The New England Intercollegiate Sailing Association (NEISA) is one of the seven conferences affiliated with the Inter-Collegiate Sailing Association (ICSA) that schedule and administer regattas within their established geographic regions.

NEISA is one of the oldest and largest conferences, organizing intercollegiate sailing in New England, which includes 42 member schools including club teams and varsity programs. All conferences host their own 6 conference championships every year and gain berths to the corresponding national championships based on conference size. NEISA is managed by an executive board run primarily by student volunteers and team coaches.

History 
The New England Intercollegiate Sailing Association was founded in Cambridge, Massachusetts on March 26, 1949. This group of initially 21 teams joined with the Middle Atlantic Intercollegiate Sailing Association, and later the Midwest College Sailing Association and Pacific Coast Intercollegiate Yacht Racing Association to form the Intercollegiate Yacht Racing Association of North America. This Association worked to standardize rules and create entry and eligibility regulations, as well as broaden the scope of its competitions.
From the beginning of college sailing, all regattas have been sailed in the host school's fleet of boats. Early on there was little consistency in the type of boat across different parts of the country and even between neighboring schools. Over time however, many schools have transitioned from various single-sail dinghies to use more durable and faster two-sail boats such as the FJ and Club 420.

Members

Leadership 
NEISA is a largely run and regulated by in-conference coaches and sailors. Members of the Executive Committee are elected annually at the NEISA Annual Meeting held late Fall. There is currently no term-limit for Executive Committee members. As of Spring, 2019 the Executive Committee was as follows.

Championships 
NEISA runs and hosts six in-conference championships, as well as sends teams to national championship events managed by the Inter-Collegiate Sailing Association.

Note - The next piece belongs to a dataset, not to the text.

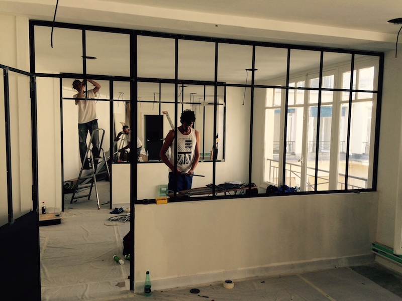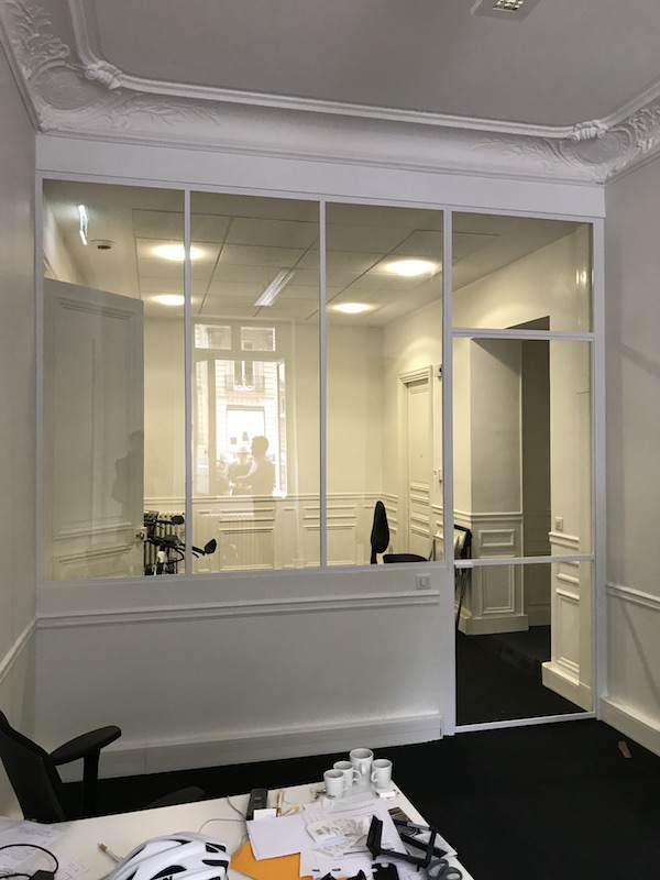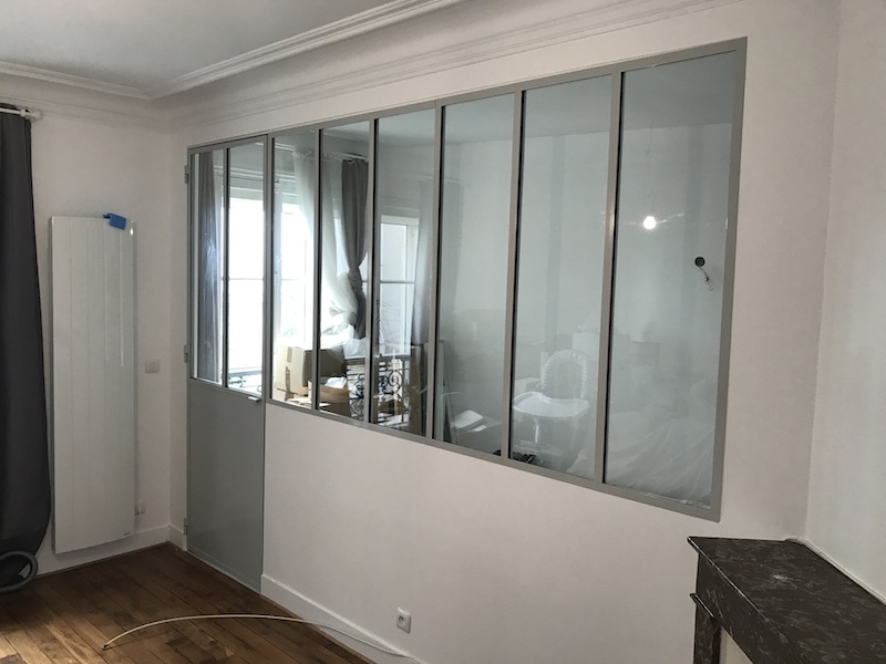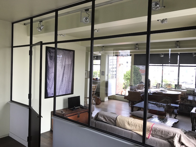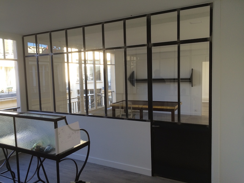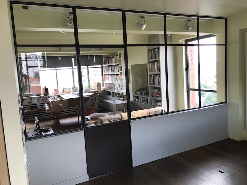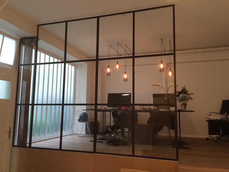 Que ce soit un bureau à votre domicile ou bien bureaux de société, cette verrière est idéale pour partager et protéger des espaces.. L’open space devient intime, la vue est dégagée, mais vous êtes isolés de vos voisins ou des bruits de la maison. Cette verrière peut être réalisée en verre 44/2 isophonique pour une meilleure efficacité, les panneaux métalliques sont doublés et isolés de laine de roche. Cette verrière intérieure allie esthétique et efficacité tout en gardant tout la luminosité ambiante.

In-conference Championships 
For Coed teams, these in-conference championships include:

 Coed Dinghy Fleet Racing, NEISA Coed Championship/ US Coast Guard Alumni Bowl
 Men's Single-Handed Fleet Racing, NEISA Men's Singlehanded Championships
 Coed Team Racing, New England Team Race Championship/ Fowle Trophy
 Coed Match Racing, NEISA Match Race Champs/ Larry White Trophy

For Women's teams, these in-conference championships include:

 Women's Dinghy Fleet Racing, NEISA Women's Championship/ Reed Trophy
 Women's Single-Handed Fleet Racing, NEISA Women's Singlehanded Championships

National Championships 
For full article on national sailing championships, see Inter-Collegiate Sailing Association National Championships

The number of berths NEISA teams are given to national championships depend on the event and are determined by ICSA at the beginning of every Year. As NEISA is one of the largest conferences, it is annually given more berths than the smaller conferences. The representing teams from NEISA are determined by the corresponding In-Conference Championships.

These national championships include:
 Coed Dinghy Fleet Racing, Gill Coed National Championships/ Henry A. Morss Memorial Trophy
 Men's Single-Handed Fleet Racing, Laser Performance Men's Singlehanded Nationals/Glen S. Foster Trophy
 Coed Team Racing, LaserPerformance Team Race National Championship/ Walter Cromwell Wood Bowl
 Coed Match Racing, ICSA Match Race Nationals/ Cornelius Shields Sr. Trophy
 Women's Dinghy Fleet Racing, Sperry Women's National Championship/ Gerald C. Miller Trophy
 Women's Single-Handed Fleet Racing, Laser Performance Women's Singlehanded Nationals/ Janet Lutz Trophy

Results and Rankings 
Since 2008, Inter-collegiate racing results are documented using College Sailing Techscore, a website which records live race results for current regattas, as well as documents past seasons. NEISA also creates in-conference team rankings every Fall based on the best regatta results of each team and the relative difficulty/ size of the regattas those results came from. A team's score is calculated by summing their top 5 scoring regattas and also their score at the New England Fall Championships. These scores are compiled to rank all participating teams. Teams that are not listed on the rankings did not sail a scored regatta during that Season.